● **EXERCISE DETAILS**: Everything from the line holding "색깔이 어쩜 저리 고울까? 나리꽃들이 여름 꽃밭을 화사하게 수놓고 있다." through the final line of the entries below is to be written out exactly, and nothing more; leave out pictures.

# # # #

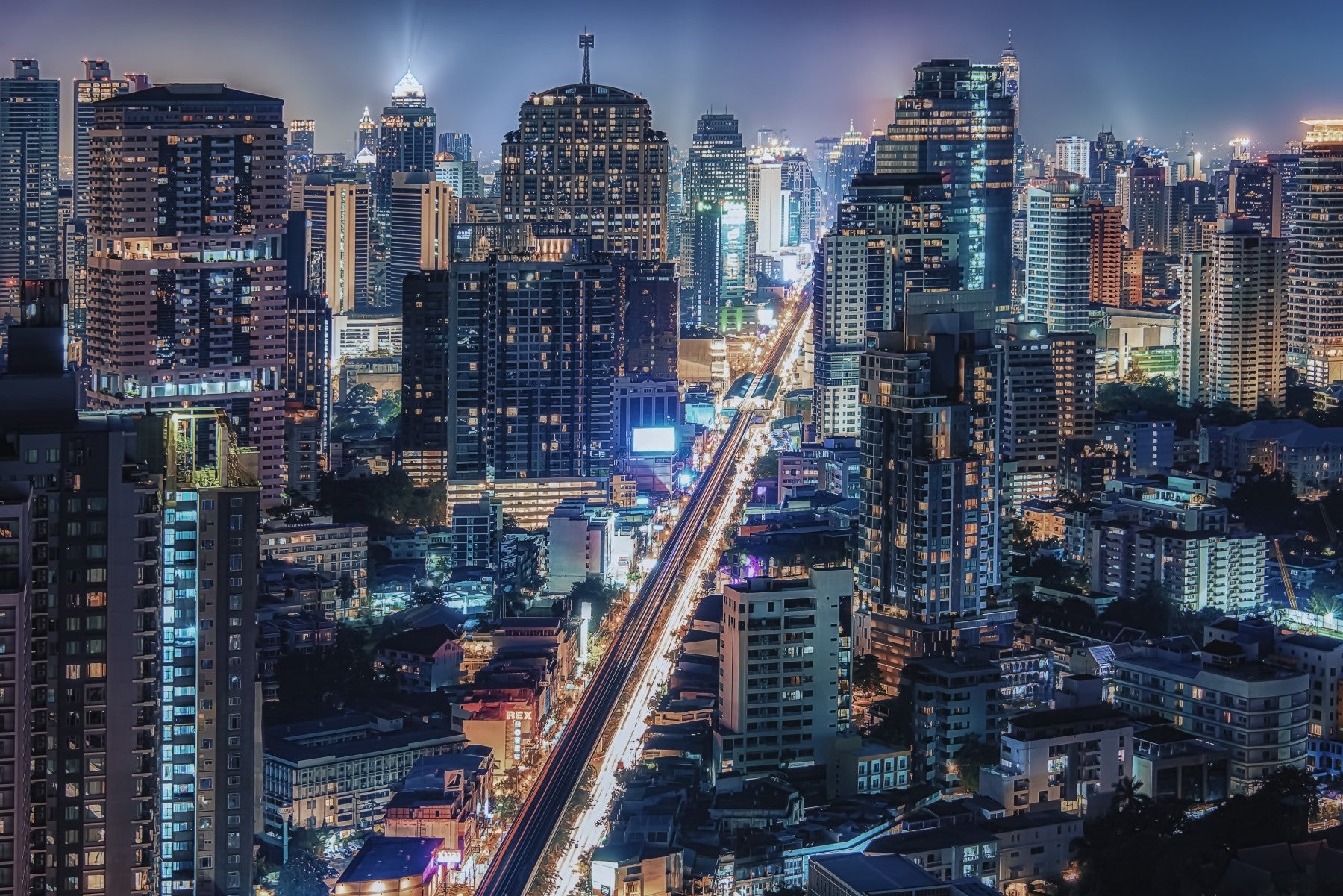 Capture the electric energy of a vibrant city with this stunning cityscape wallpaper. The design shows a sprawling metropolis at night, illuminated with an array of neon lights and towering buildings. The cool blue and warm gold tones create a modern, sophisticated vibe. It adds depth and dimension to your living room, bedroom, or office. This wallpaper for walls is sure to transform any space into a stylish urban sanctuary and beautifully complements modern interiors.
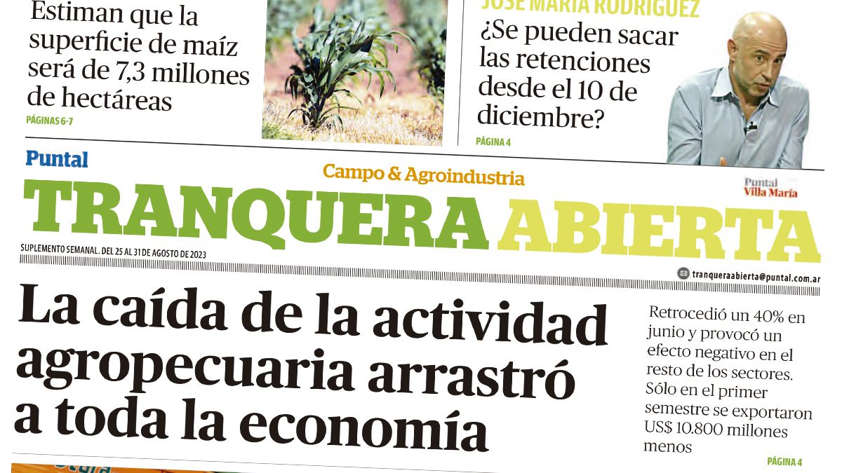 El suplemento Tranquera Abierta presenta entre los temas más relevantes de la semana, la caída de la actividad agropecuaria que arrasó a toda la economía. Retrocedió un 40% en junio y provocó un efecto negativo en el resto de los sectores. Sólo en el primer semestre se exportaron US$ 10.800 millones menos.
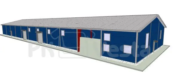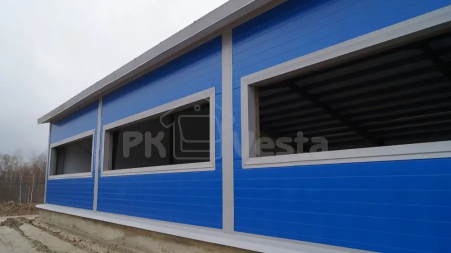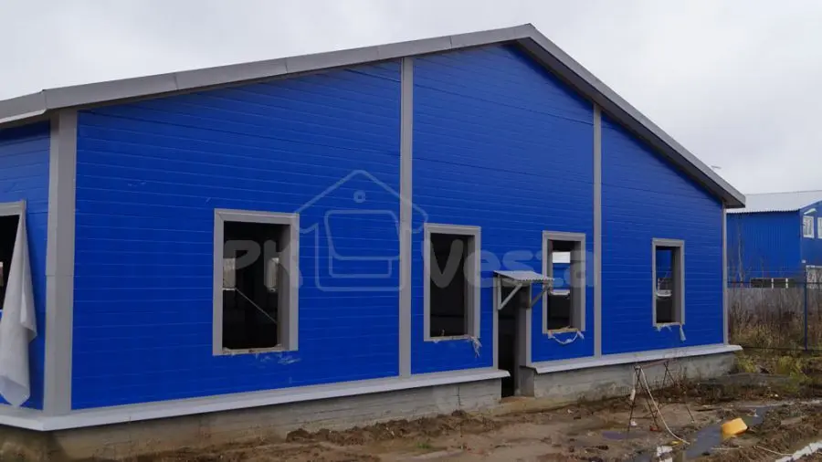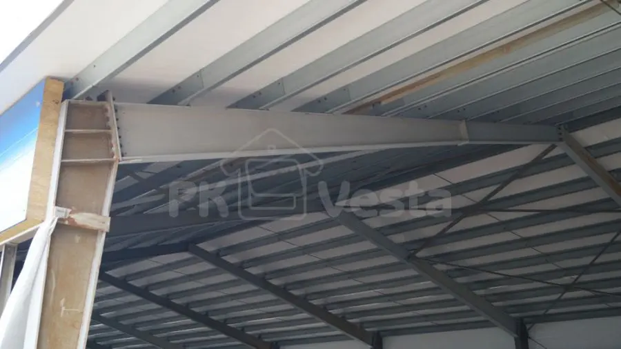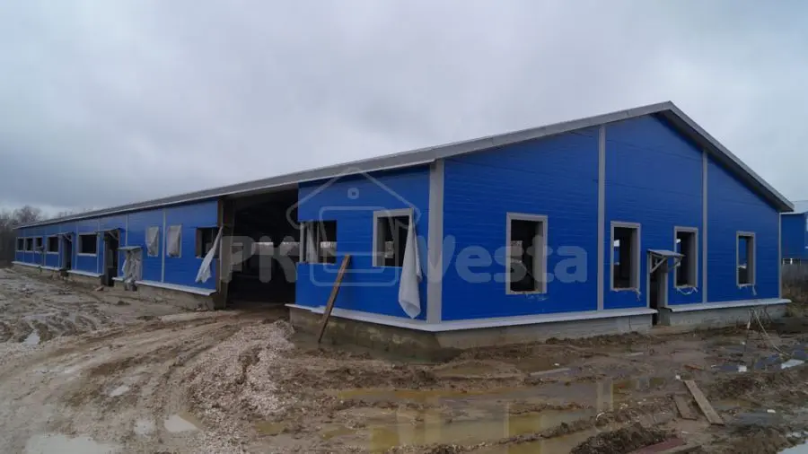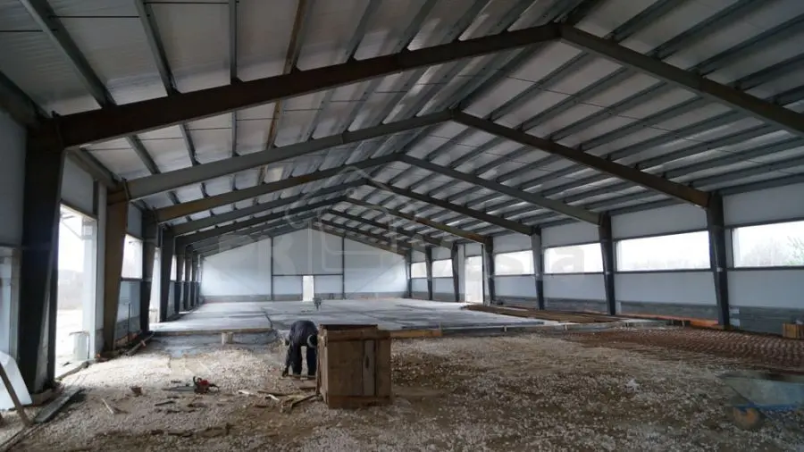 ПК «Веста» объявляет о начале заливки полов в быстровозводимом здании типографии в г. Егорьевск, Россия. Строение спроектировано на базе сварной балки переменного сечения из черного металла. По боковой стороне расположены три въезда, для оконных проемов предусмотрена усиленная конструкция (труба + оцинкованный профиль).
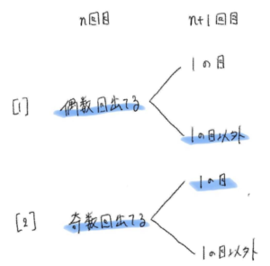 [2] \(n\) 回目までに \(1\) の目が奇数回出て、\((n+1)\) 回目に \(1\) の目が出る確率
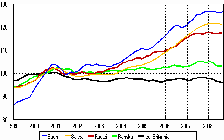 Teollisuustuotannon trendi 1999-2008, (Suomi, Saksa, Ruotsi, Ranska ja Iso-Britannia), 2000=100
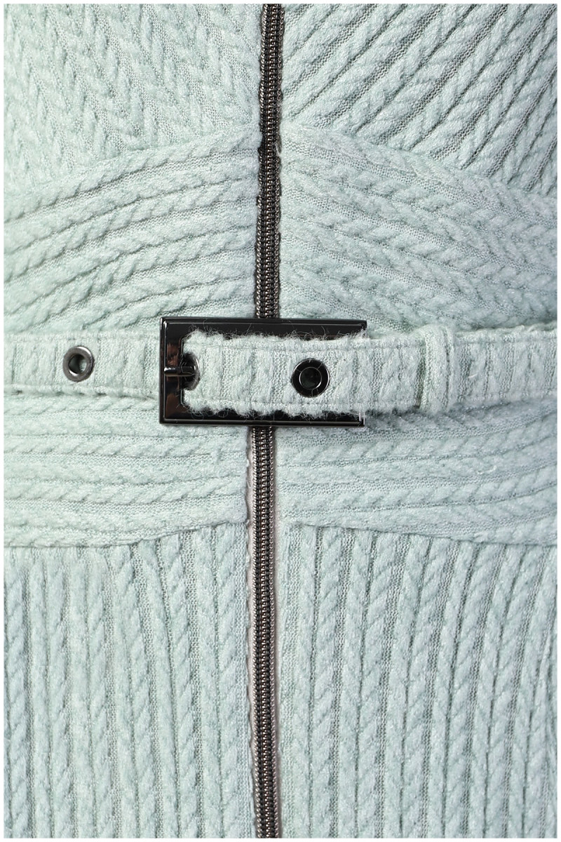Mint pink dress with a feminine A-line cut that fits perfectly for all body types. Viscose knit with elastane makes it very comfortable to wear. With the help of the two-way zipper, you can adjust the depth of the neckline and slit.
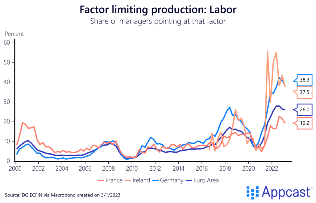 Despite the fact that employment levels have bounced back, more companies are citing labor as the limiting factor of production. In the Eurozone, Ireland and Germany seem to be particularly affected.
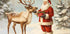 En stemningsfuld vinteraften: Julemanden glider stille gennem sneen med sine rensdyr, omgivet af fyrretræer og dalende snefnug. Det varme lys fra slæden lyser den dybblå nat op og skaber en magisk julestemning, der vækker forventning, nostalgi og hygge i ethvert rum. Granernes silhuetter indrammer scenen, mens snefnug danser.
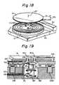 An example of the entire structure of a two-dimensional transfer stage apparatus with the lift mechanismas shown in Figs. 18 and 19 loaded thereon will be describedbriefly with reference to Fig. 20. The stage apparatus asshown in Fig. 20 is similar to a stage apparatus asdisclosed, for example, in Japanese Patent UnexaminedPublication No. 61-209,831 and the prior art technology maybe applied to the present invention with some small partsmodified or varied. Among the structuring parts as shown inFig. 20, the structuring parts having the same functions asthose of Figs. 1 and 5 are provided with the identicalreference numerals and symbols.
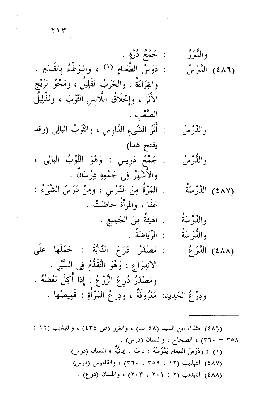 وَهُوَ الثَّوْب البالى، وَالْأَشْهر فى جمعه درسان.
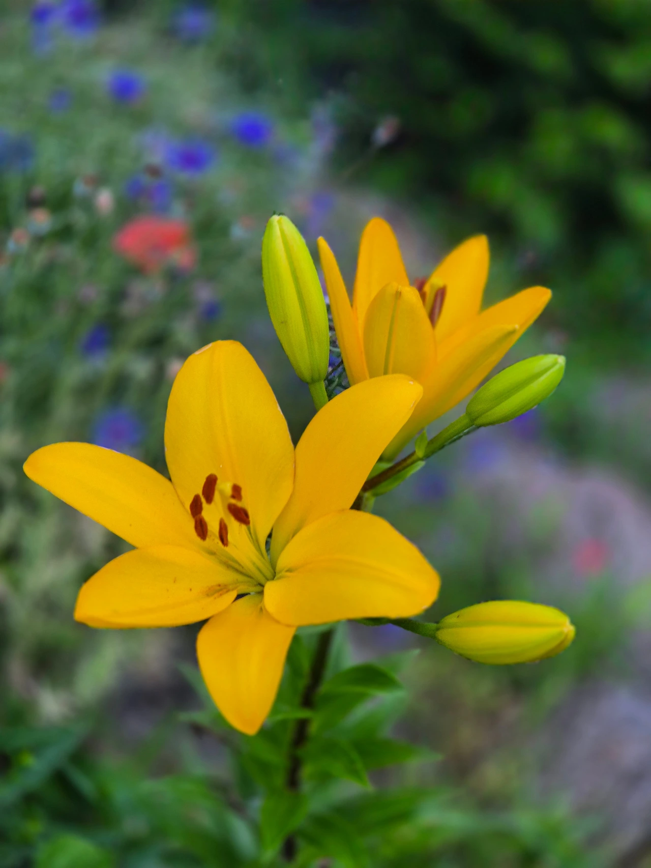 색깔이 어쩜 저리 고울까? 나리꽃들이 여름 꽃밭을 화사하게 수놓고 있다.
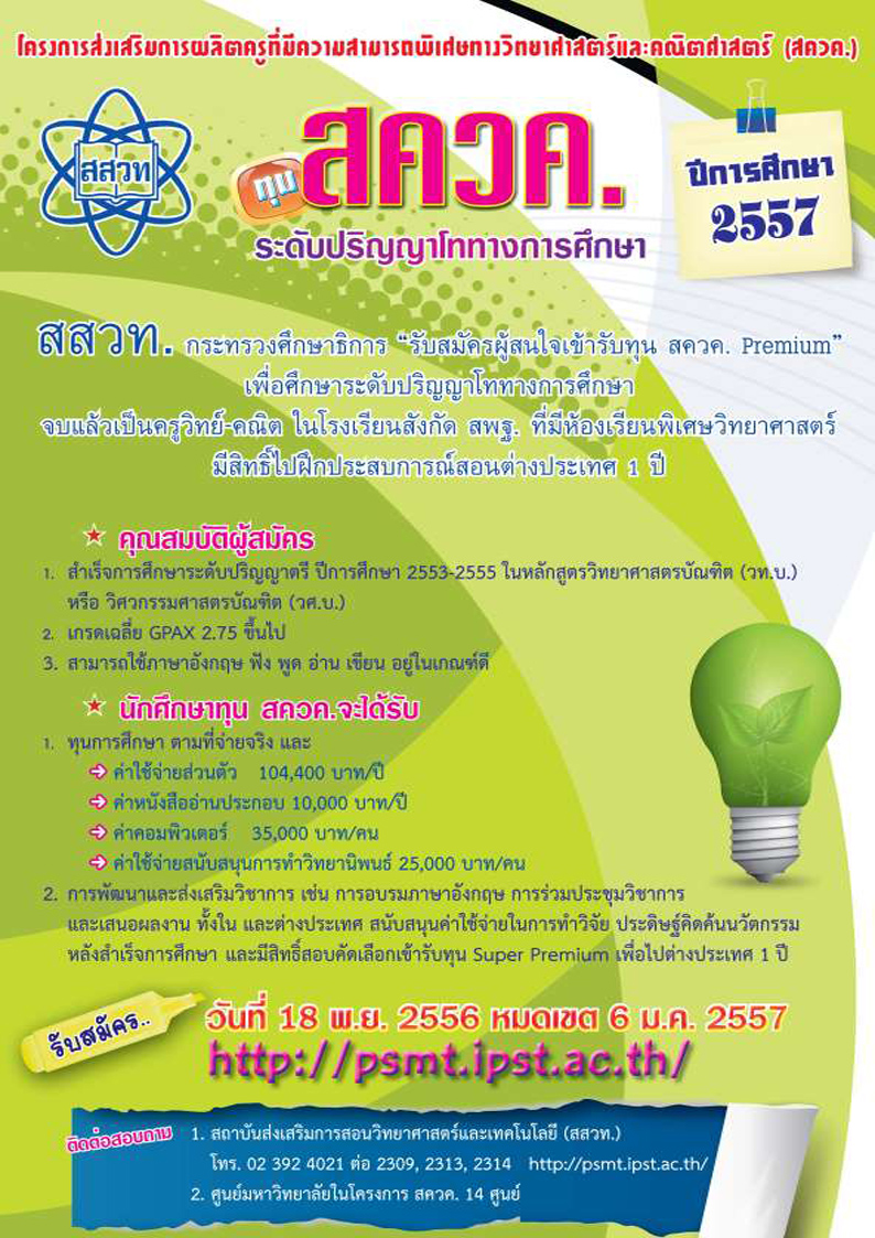 ทุน สควค. ระดับปริญญาโททางการศึกษา ปีการศึกษา 2557
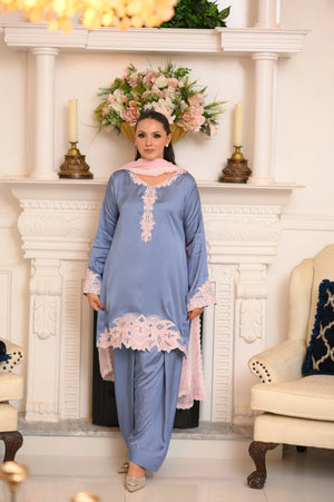 Understated yet effortlessly refined, the Cornflower dress captures the essence of modern grace. Featuring a straight-cut short shirt in luxurious Rayyan silk, adorned with delicate pink embroidered applique, it is paired with a classic farshi shalwar for timeless elegance. The soft, contrasting medium silk dupatta adds a light, airy feel to the ensemble, completing the look with subtle sophistication. Designed for comfort without compromising on style, Cornflower is perfect for graceful daywear or understated celebrations.
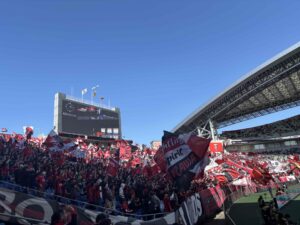 相手が鹿島ということもあって、多くのサポーターがスタジアムに集まり、試合前からすごい熱気でした!
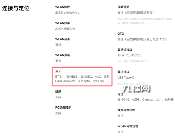 藍牙方面,該機的配置的是藍牙5.1,支持BLE,并且支持SBC、AAC,支持LDAC高清音頻,支持aptX,aptX HD。
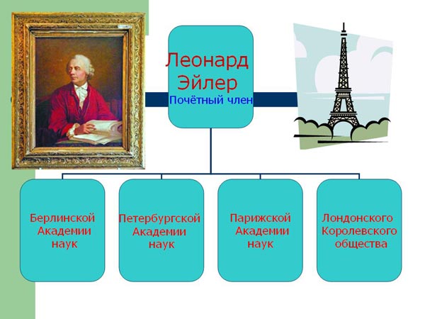 Заслуги Эйлера как крупнейшего учёного и организатора научных исследований получили высокую оценку ещё при его жизни. Помимо Петербургской и Берлинской академий, он состоял членом крупнейших научных учреждений: Парижской АН, Лондонского королевского общества и других. <Рисунок 29>. 3/5 работ Эйлера относится к математике, остальные 2/5 к её приложениям.
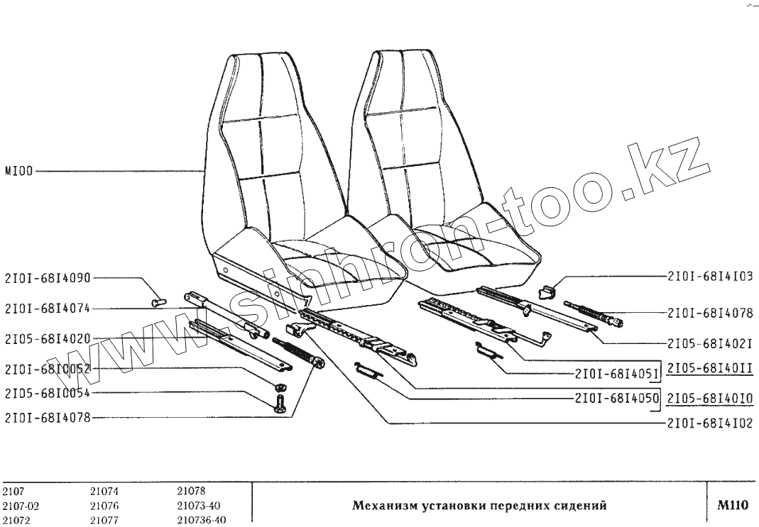 Каталог запасных частей к технике: ВАЗ-2107. Механизм установки передних сидений
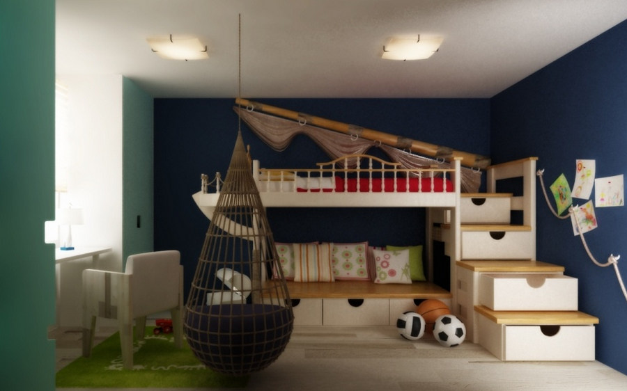 Иногда будет правильно сделать мебель самостоятельно, в этом случае фантазия станет хорошим помощником. Например, кровать в виде автомобиля, качелей или корабля, все это оригинальные и уместные идеи, которые разнообразят интерьер, сделают его веселым и немного сказочным.

# # # #

● **RESULT FOR THIS TASK**:
 색깔이 어쩜 저리 고울까? 나리꽃들이 여름 꽃밭을 화사하게 수놓고 있다.
 ทุน สควค. ระดับปริญญาโททางการศึกษา ปีการศึกษา 2557
 Understated yet effortlessly refined, the Cornflower dress captures the essence of modern grace. Featuring a straight-cut short shirt in luxurious Rayyan silk, adorned with delicate pink embroidered applique, it is paired with a classic farshi shalwar for timeless elegance. The soft, contrasting medium silk dupatta adds a light, airy feel to the ensemble, completing the look with subtle sophistication. Designed for comfort without compromising on style, Cornflower is perfect for graceful daywear or understated celebrations.
 相手が鹿島ということもあって、多くのサポーターがスタジアムに集まり、試合前からすごい熱気でした!
 藍牙方面,該機的配置的是藍牙5.1,支持BLE,并且支持SBC、AAC,支持LDAC高清音頻,支持aptX,aptX HD。
 Заслуги Эйлера как крупнейшего учёного и организатора научных исследований получили высокую оценку ещё при его жизни. Помимо Петербургской и Берлинской академий, он состоял членом крупнейших научных учреждений: Парижской АН, Лондонского королевского общества и других. <Рисунок 29>. 3/5 работ Эйлера относится к математике, остальные 2/5 к её приложениям.
 Каталог запасных частей к технике: ВАЗ-2107. Механизм установки передних сидений
 Иногда будет правильно сделать мебель самостоятельно, в этом случае фантазия станет хорошим помощником. Например, кровать в виде автомобиля, качелей или корабля, все это оригинальные и уместные идеи, которые разнообразят интерьер, сделают его веселым и немного сказочным.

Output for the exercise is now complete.